I went home, made that filet and ate it.  It was sooo good! I was very happy; then settled down to watch “Everybody Loves Raymond” with the pets.  About 15 minutes in, I got a text message. “It’s Rob the butcher.  I just wanted to check and see if the filet was to your liking.”  I immediately texted back, “It was awesome!  Thanks again.”  From him: “No problem.  Is it okay that I texted you?”   I replied, “Sure, anyone that can provide me with filet mignon can text away, haha!”  And with that, we texted back and forth until almost 1:30 in the morning!
Now things like this don’t usually happen to me, but I figured that God had finally answered my prayers for the man of my dreams: a butcher, to keep me in red meat forever!  Hallelujah!
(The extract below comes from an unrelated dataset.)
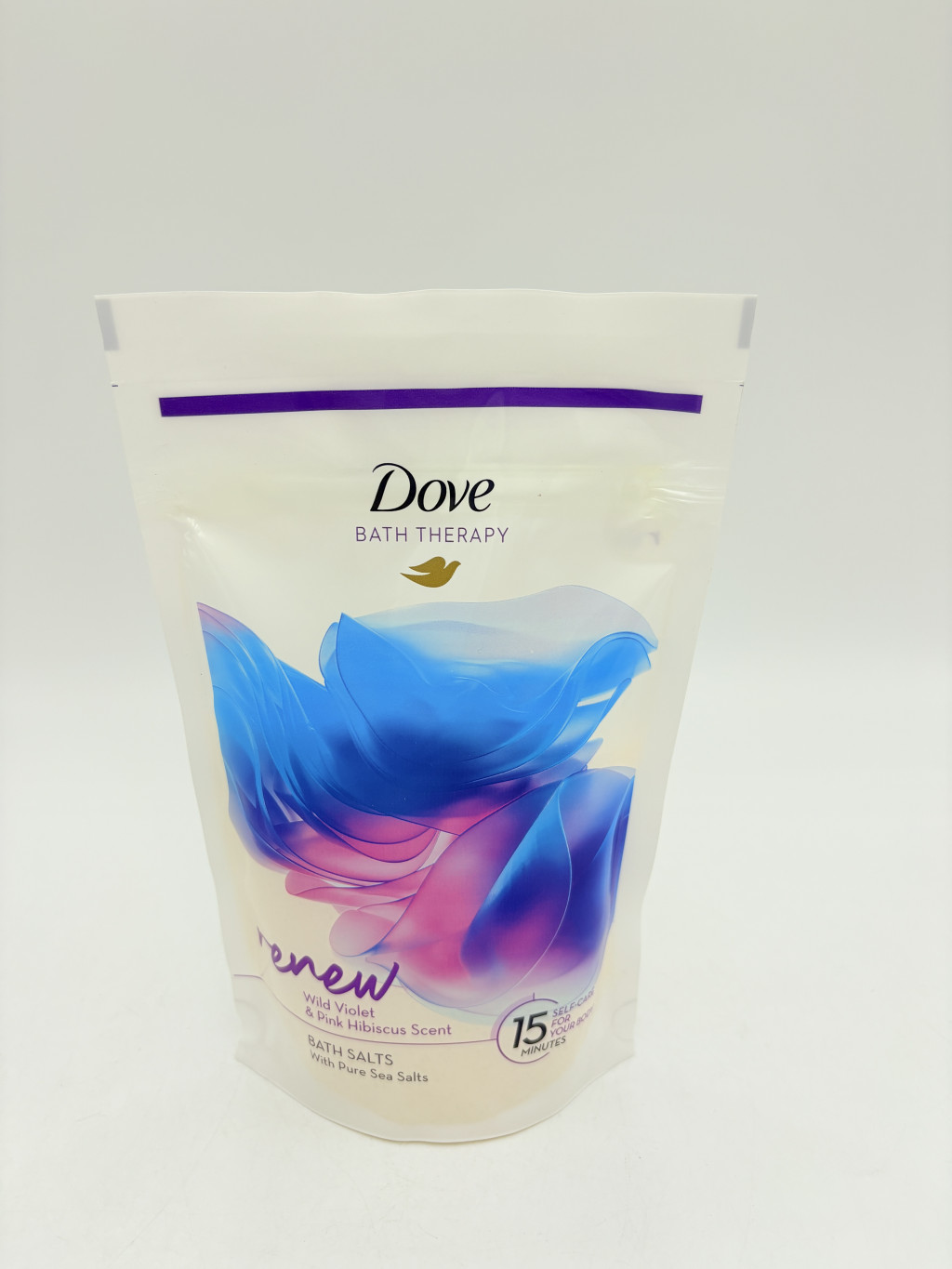 - Szórj a vízbe a Dove Bath Therapy Renew Wild Violet & Pink Hibiscus fürdősóból a kívánt mennyiségben.

However, that isn’t exactly how it went.  We texted that night, then all through the next day and until almost 2 in the morning.  But then, the texts…kind of veered to the left.  As you can imagine, after a couple of days the tone changed to a very sexual one, and as much as I tried to move on to another path, he liked the one he was on.  I told him that if he was looking for a one night stand, a hit it and quit it situation or sexting, then I wasn’t for him.  He swore out he didn’t do one night stands either, but unfortunately his texts seemed to suggest otherwise.  And then, the piece de resistance: he sent me a picture of his own “filet”!  When I saw that honest to God my eyes got warm!  I asked him WTH and he said that he wanted me to see what he had to offer, gave me his address (like 4 blocks away!), told me to come over and we’d “hang out”.  I told him it looked like he was already “hanging out” and called him "Stranger Danger"! What kind of nutjob would I be if I showed up at his door?  “But I’ve got candles,” he said.  Dude, seriously?
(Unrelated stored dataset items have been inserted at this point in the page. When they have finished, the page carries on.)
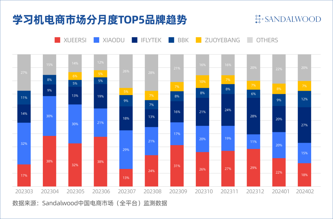 Sandalwood数据显示,自去年下半年以来,小度、科大讯飞两位奉行AI路线的玩家,几乎没有掉出过学习平板月度销量榜单TOP3。某学习机经销商经销商也曾告诉光子星球,在其门店,搭载有大模型的旗舰产品,销量甚至高于打折的老款学习机。
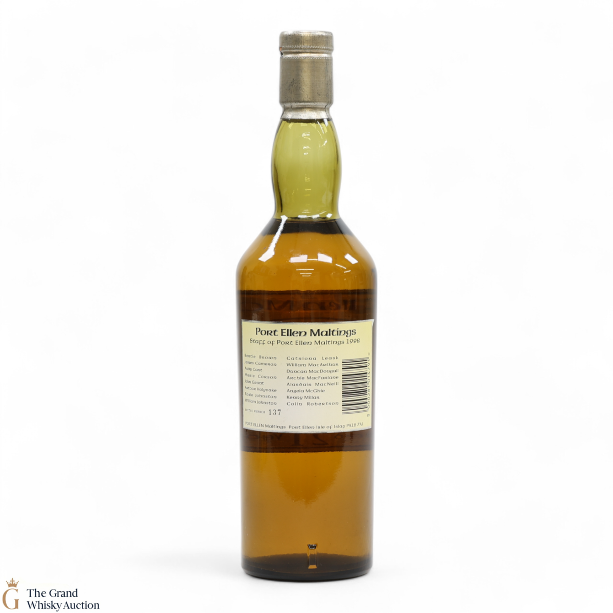 A rare and stunning Port Ellen, bottled in 1998 to commemorate the 25th Anniversary of Port Ellen Maltings. The rear label was printed with the names of the distillery staff, in 1998.
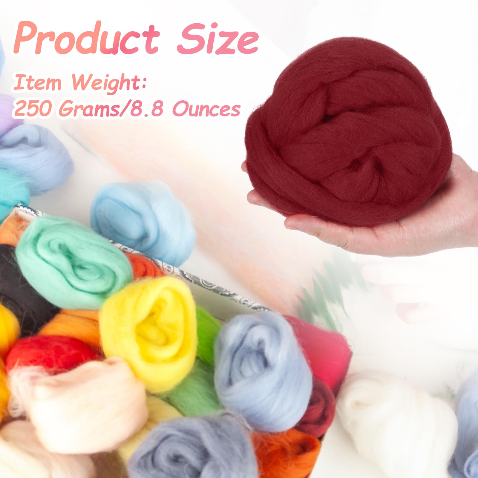 Advantage: This wool roving yarn is made of soft and durable wool material, fluffy and soft, comfortable to touch. It has good ductility and has a good shaping effect, which can be quickly and easily shaped into any shape you want, suitable for DIY projects.

So that was the end of that!  It took a long time for me to venture back in there.  When I look back, it makes me wonder what kind of impression I was giving that made him think it would be okay to send me “junk mail”?  Ugh!  I had thought about talking to his manager to let him know what one of his employees was doing with customers’ phone numbers, but figured someone else would beat me to the punch; and they did.  He was dismissed, thank goodness. So now my loyalty lies with Hannaford, with second place going to Price Chopper.  And so far: no "junk" mail from their butchers! I count that as a serious win.